6. Trunseo Abbey
Traunkirchen Abbey through the ages
Trunseo - An Agilolfingian foundation
With the Agilolfingers, as with all founders of the monastery of that time, in addition to the thought of the salvation of the founders to be achieved through prayer, land gaining and the economic yield of the property played an important role. In addition, it was taken care that monasteries were always built at a distance from a day trip to the next monastery for the purpose of spending the night. The monasteries of Mondsee and Kremsmünster were at this spatial distance from Trunseo on Lake Traunsee. An Agilolfingian foundation of Trunseo around 760 AD could therefore be suspected.

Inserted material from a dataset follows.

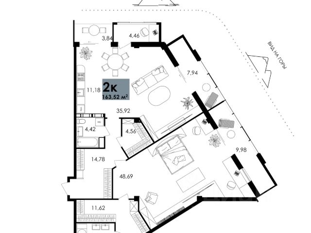 Благодаря панорамному остеклению в апартаменте всегда много естественного света и визуально расширено пространство.
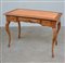 Scrittoio a tre cassetti nella fascia, gambe sagomate ed intagliate, piano rivestito in marocchino (cm 110x78x60)(difetti)

Altmünster and/or Traunkirchen
When the parish church in Altmünster was renovated in 1973, the floor plan of a brick church, a west gate and a former cemetery outside the early Romanesque church were discovered. There were also floor plans of (monastery) cells at Hagenfeld near Hagenbach, and fragments from the 6th to 10th centuries were found on the Brennbichl. Remains of wood, charcoal and large stones were found under the Romanesque church. Similar finds of wooden church buildings from this period are documented in Chiemgau.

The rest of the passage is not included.